172 where MultiCompUnit "knows nothing":
173
174 1. When the Operand Subset has a member "zero_a". this tells MultiCompUnit
175 to create a multiplexer that, if operand.zero_a is set, will put **ZERO**
176 into its first src operand (src_i[0]) and it will **NOT** put out a
177 read request (**NOT** raise rd.req[0]) for that first register.
178 2. When the Operand Subset has a member "imm_data". this tells
179 MultiCompUnit to create a multiplexer that, if operand.imm_data.ok is
180 set, will copy operand.imm_data into its *second* src operand (src_i[1]).
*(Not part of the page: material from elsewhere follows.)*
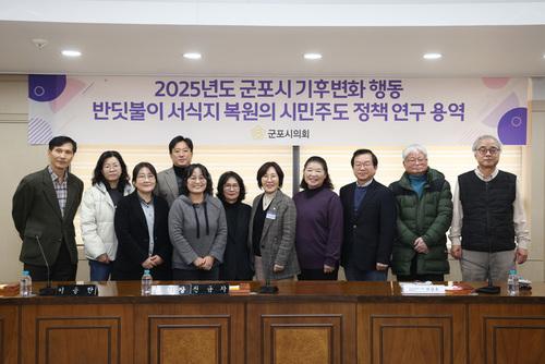 2025 군포시 기후변화 행동 반딧불이 서식지 복원의 시민주도 정책연구 최종보고회속달동 일대 '반딧불이 마을'을 조성하자2025년 올 한해 군포시의회 지원사업으로 진행해온 「반딧불이 서식지 복원의 시민주도 정책연구 최종보고회」가 (사)자연과함께하는사람들(이하 자함사, 대표 이금순) 주관으로 2025년 11월 26일 오후 군포시의회 2층 문화강좌실에서 열렸다.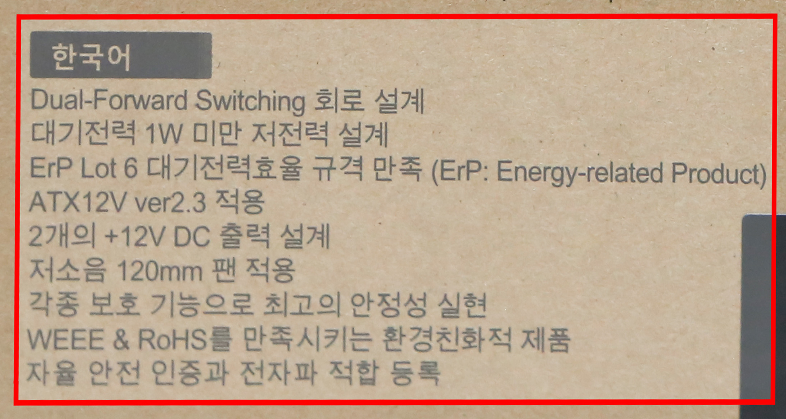 Dual Rail +12VDC Output - +12VDC 듀얼 레일 설계로 최신 CPU 및 그래픽 카드에 정확하고 안정적인 전원을 공급해주며 각종 오버클럭과 고사양 PC 환경 조성을 지원

181 Further: that it will **NOT** put out a read request (**NOT** raise
182 rd.req[1]) for that second register.
183
184 These should only be activated for INTEGER and Logical pipelines, and
185 the regspecs for them must note and respect the requirements: input
186 regspec[0] may *only* be associated with operand.zero_a, and input
187 regspec[1] may *only* be associated with operand.imm_data. the POWER9
188 Decoder and the actual INTEGER and Logical pipelines have these
189 expectations **specifically** hard-coded into them.